Wednesday, April 1, 2009

Madonna's Adoption: Back Off, Big Mouths, She's Not "Stealing" A Baby!

Huffington Post

When Little Orphan Annie is adopted by Daddy Warbucks in the Broadway show "Annie," does anyone in the audience think, "This is an outrage"? Daddy Warbucks lives in a huge, fabulous mansion on Fifth Avenue, is friends with President Roosevelt and when he first brings Annie home for a tryout visit, he assigns his assistant to take charge of her — yet no one in the audience gasps. I don't recall theatergoers telling their children that poor little Annie should have stayed in the orphanage because Daddy Warbucks is too rich, too single, and possibly in too much of a midlife crisis to adopt her.

And remember, it's not ascertained until the end of the show that Annie is in fact a true orphan — her parents could still be alive.

Well if it's OK for richie rich Daddy Warbucks to become an "adoptive" dad, then why are media and other Big Mouths in a fury that megarich Madonna is about to "steal" another African child from an orphanage? So what that she's rich and is touring the Malawian orphanage in a $2,800 Chanel sweatsuit? At least she's there and she's spent a portion of her fortune making improvements to that orphanage. Are her critics raising money to improve the lives of the one million Malawian orphans or lining up to adopt them themselves? There's certainly plenty of children desperate for parents in the small African country — one in five of its children are, in fact, orphans.

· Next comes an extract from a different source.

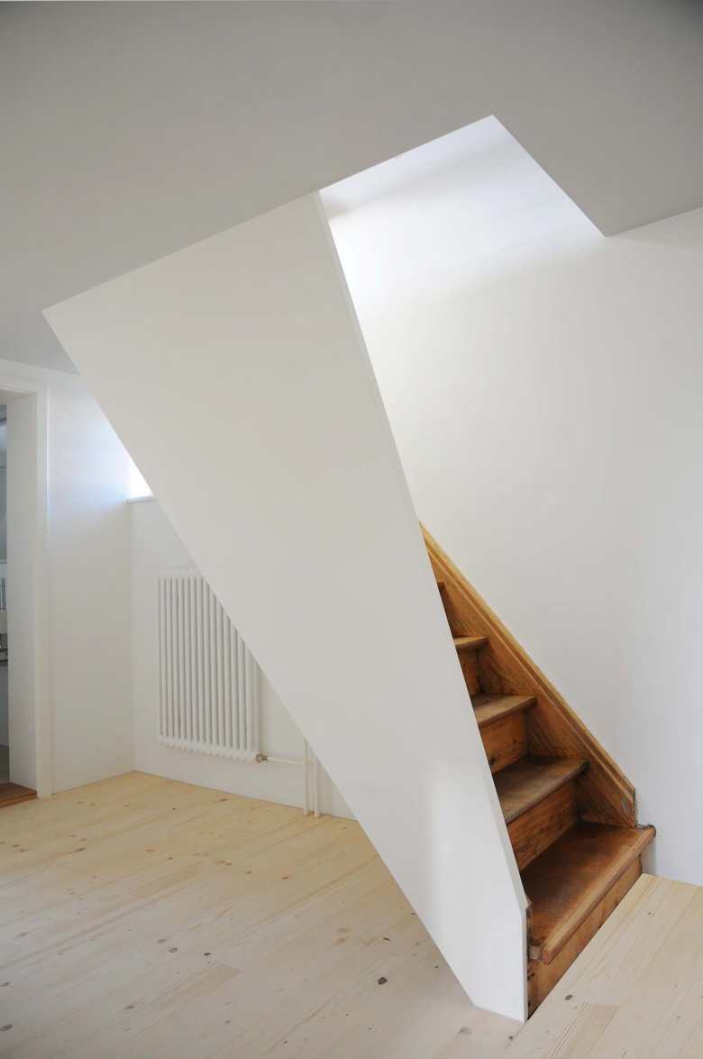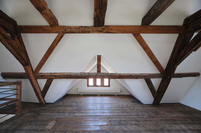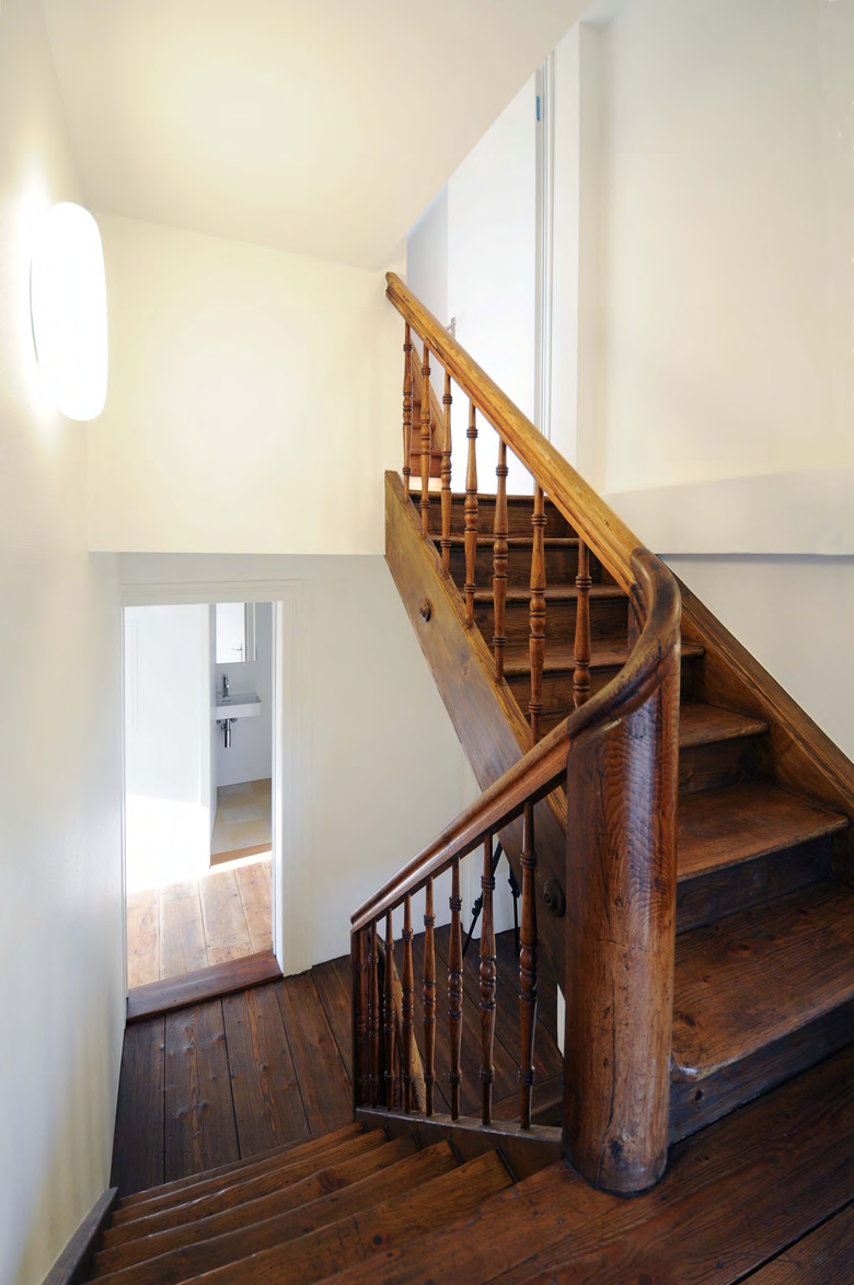 Das Treppenhaus, die Treppe ins Dachgeschoss sowie die Holzkonstruktion des Daches sind original erhalten.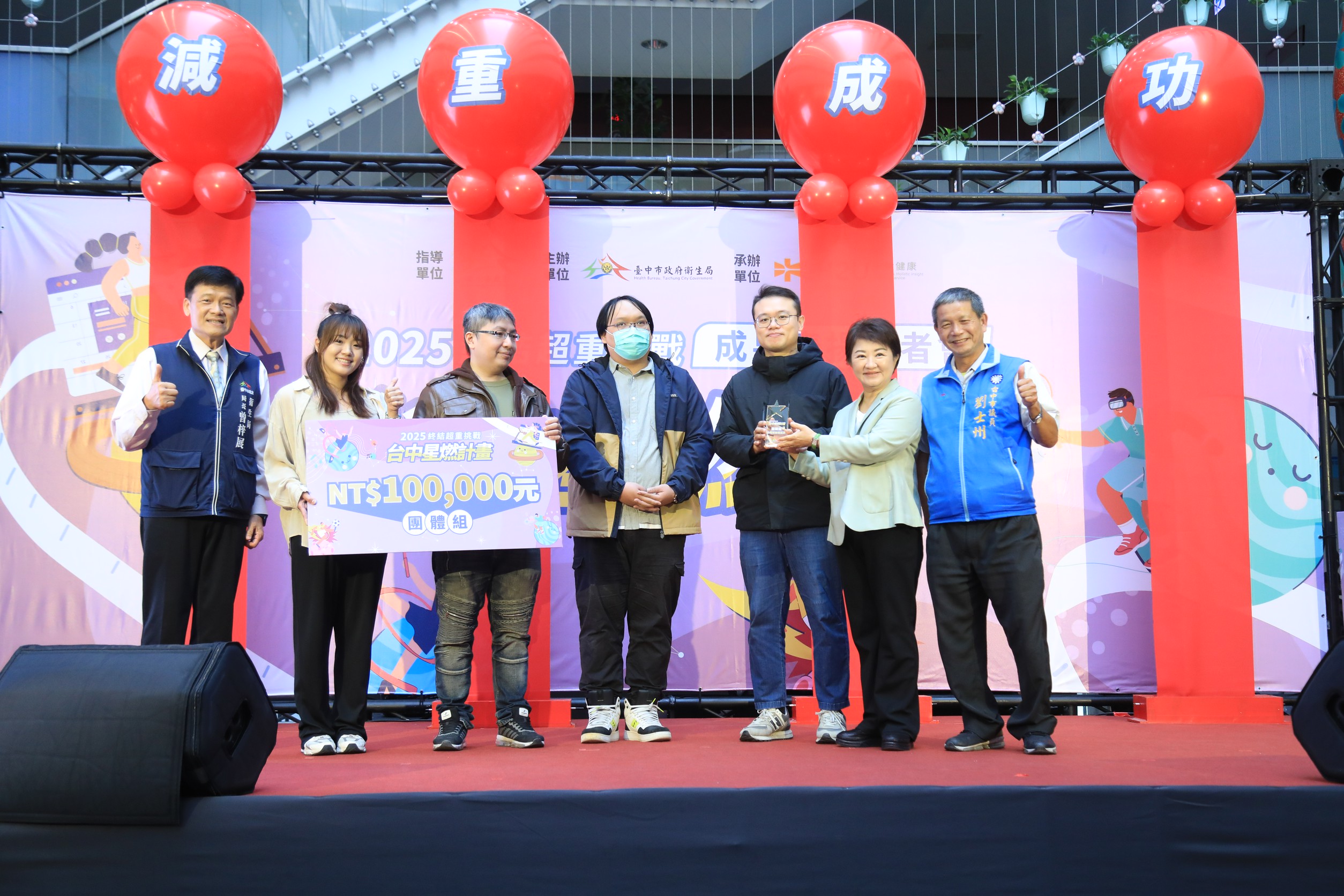 台中市政府衛生局今(5)日舉辦「2025台中星燃計畫:終結超重挑戰」成果表揚記者會,宣布為期三個月的大型健康競賽圓滿落幕。市長盧秀燕出席嘉勉表示,星燃計畫源自她看見許多市民努力減肥卻常覺得孤單,因此市府推出專業陪伴與科學方法,邀請大家一起變健康。活動共吸引27,786人報名,等於每100位市民就有1位響應,最終超過8,000人成功達標,累計甩肉4.5萬公斤,展現市民追求健康的驚人行動力。

If Madonna can give an opportunity to even one of these poverty-stricken children, why should her wardrobe matter? Has anyone priced out Angelina Jolie's outfits when she went to Vietnam, Ethiopia or Cambodia - the home countries of HER three adopted children? When Angelina dresses for red carpet events, she routinely wears Ralph Lauren, Versace and Max Azria. Should this disqualify her from adopting in the future? Should all wealthy people with designer-laden wardrobes be excluded from adopting? Should Oprah forget her dream of educating poor South African girls because she likes to carry an Hermes purse?

The child that Madonna is adopting is reportedly named Mercy and she is 4 years old. I remember hearing that when Madonna adopted David Banda as an infant — he's now a healthy-looking 3-year-old — she had also wanted to adopt a little girl named Mercy. So she's had Mercy in her sight for two years, and never forgot about her. She's hardly returned to Malwai to "shop" for a child. If anything, she's refused to forget about an orphan that, like Annie, desperately needed a home to call her own.

According to press reports, Mercy's 18-year old mother died when she was just five days old, her dad is MIA and she has a 61 year-old grandmother Lucy Chekechiwa who has accused Madonna of stealing her granddaughter. Mind you: Mercy lives in the same orphanage where Madonna discovered David Banda. She does not live with her grandmother.

Now, I am sympathetic to the feelings of Mercy's grandmother who doesn't want to lose all ties with her granddaughter. But put this in an American perspective. There are hundreds of thousands of children in this country who are ineligible for adoption because a parent or grandparent who can't care for them has refused to release them for adoption. Instead, these children and teenagers are caught in the foster care system for years, and can be shuttled from foster home to foster home to group home, until they are 18.

The result: They never have the opportunity to have their own loving, stable home with an adoptive family of their own. Instead, when they are 18 they are thrown out like unwanted animals to fend for themselves in the streets. Rosie O'Donnell just filmed a movie called "America" for Lifetime about this harsh reality.

Now imagine being Mercy. She has a chance to escape a place where one in five children doesn't live past the age of five, the average life expectancy is 48, and the average household income is $160 a year. How powerless would you feel if a bunch of muckety mucks that you've never met are trying to ruin your chance for a better life?

Wouldn't you want to be special to someone? Have a mom? Have someone to kiss your boo boos? Have a big sister and two brothers? Have a cozy bed? Go to school? Be able to see a doctor when you're sick? Have enough to eat? Go to college? Be able to have a profession that you love when you grow up?

Would you really want to be denied these things because your potential mom was rich and wore a $2,800 Chanel sweatsuit? Madonna with her Kabbalah and fitness obsession may not be everyone's cup of tea but by all reports she is a loving mother. Lourdes and Rocco have been photographed playing happily with local kids in Central Park numerous times. They look like completely normal, happy children. Pictures of David Banda show that he's grown into a healthy, smiling three year-old. There's no evidence that the children of rock stars grow up any more or less dysfunctional than other children, at least as long as they aren't featured in a reality show, Ozzy Osbourne- style.

So have mercy on Madonna Bigbucks and Mercy. If you're not prepared to go to Africa and adopt a needy child, then don't diss someone who is, even if she is a material girl.